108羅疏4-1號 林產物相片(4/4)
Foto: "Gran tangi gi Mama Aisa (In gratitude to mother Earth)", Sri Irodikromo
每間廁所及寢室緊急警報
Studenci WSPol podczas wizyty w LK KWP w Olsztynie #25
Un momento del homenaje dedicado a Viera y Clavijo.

----------

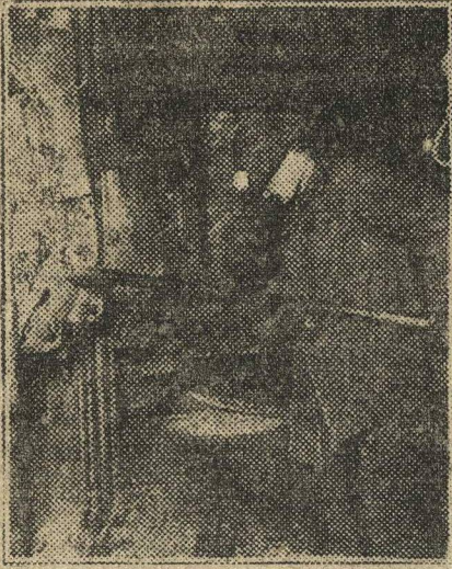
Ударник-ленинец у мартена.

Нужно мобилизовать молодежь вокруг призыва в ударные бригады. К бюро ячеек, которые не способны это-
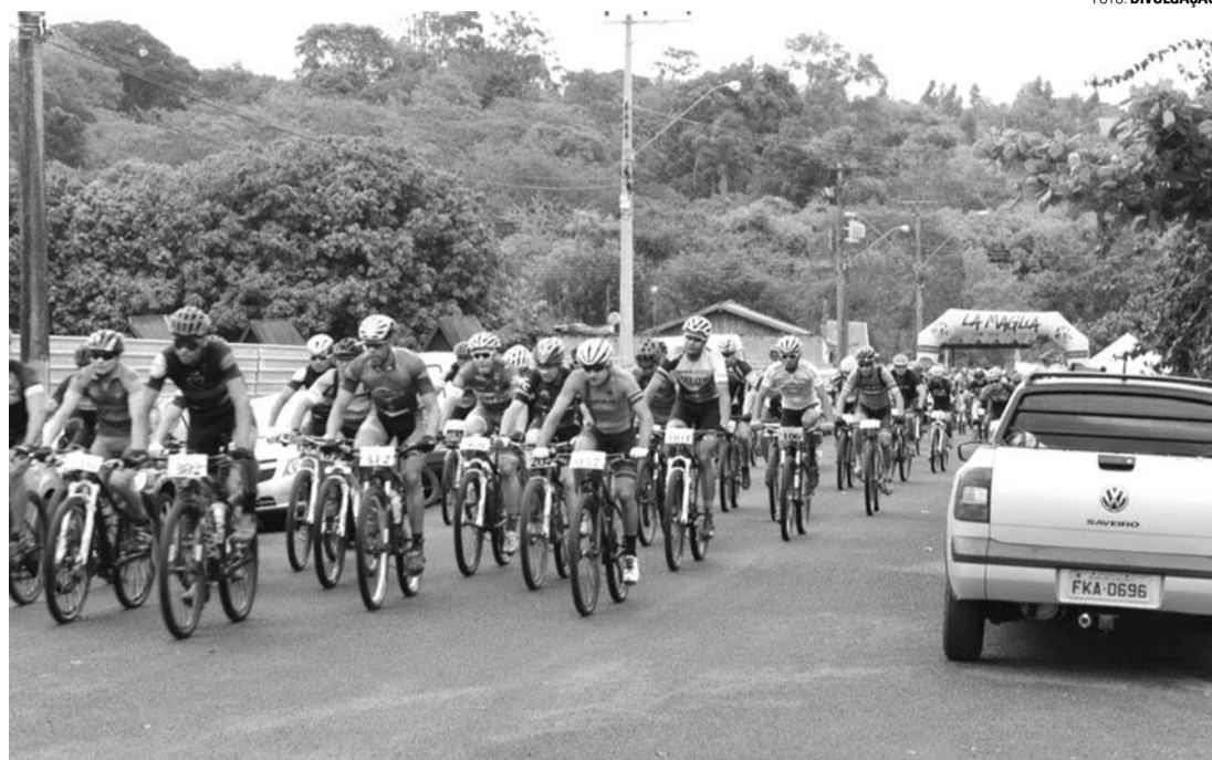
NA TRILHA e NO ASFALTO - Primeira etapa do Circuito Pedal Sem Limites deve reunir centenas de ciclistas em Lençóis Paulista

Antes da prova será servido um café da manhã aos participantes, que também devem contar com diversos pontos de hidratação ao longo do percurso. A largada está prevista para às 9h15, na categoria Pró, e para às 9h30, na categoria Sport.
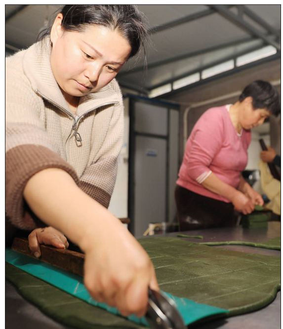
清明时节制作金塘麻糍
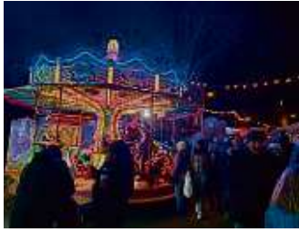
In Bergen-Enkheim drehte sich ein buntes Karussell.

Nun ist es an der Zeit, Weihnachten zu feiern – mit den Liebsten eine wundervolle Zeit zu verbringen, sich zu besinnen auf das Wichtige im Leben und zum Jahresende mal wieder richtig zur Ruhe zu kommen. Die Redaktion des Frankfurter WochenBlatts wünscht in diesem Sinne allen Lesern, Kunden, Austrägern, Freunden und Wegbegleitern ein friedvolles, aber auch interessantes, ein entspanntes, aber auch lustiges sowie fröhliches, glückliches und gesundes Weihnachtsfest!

----------

All that is wanted is a faithful reproduction of the line above with "108羅疏4-1號 林產物相片(4/4)", the line with "Un momento del", and every line in between.

**The answer**
108羅疏4-1號 林產物相片(4/4)
Foto: "Gran tangi gi Mama Aisa (In gratitude to mother Earth)", Sri Irodikromo
每間廁所及寢室緊急警報
Studenci WSPol podczas wizyty w LK KWP w Olsztynie #25
Un momento del homenaje dedicado a Viera y Clavijo.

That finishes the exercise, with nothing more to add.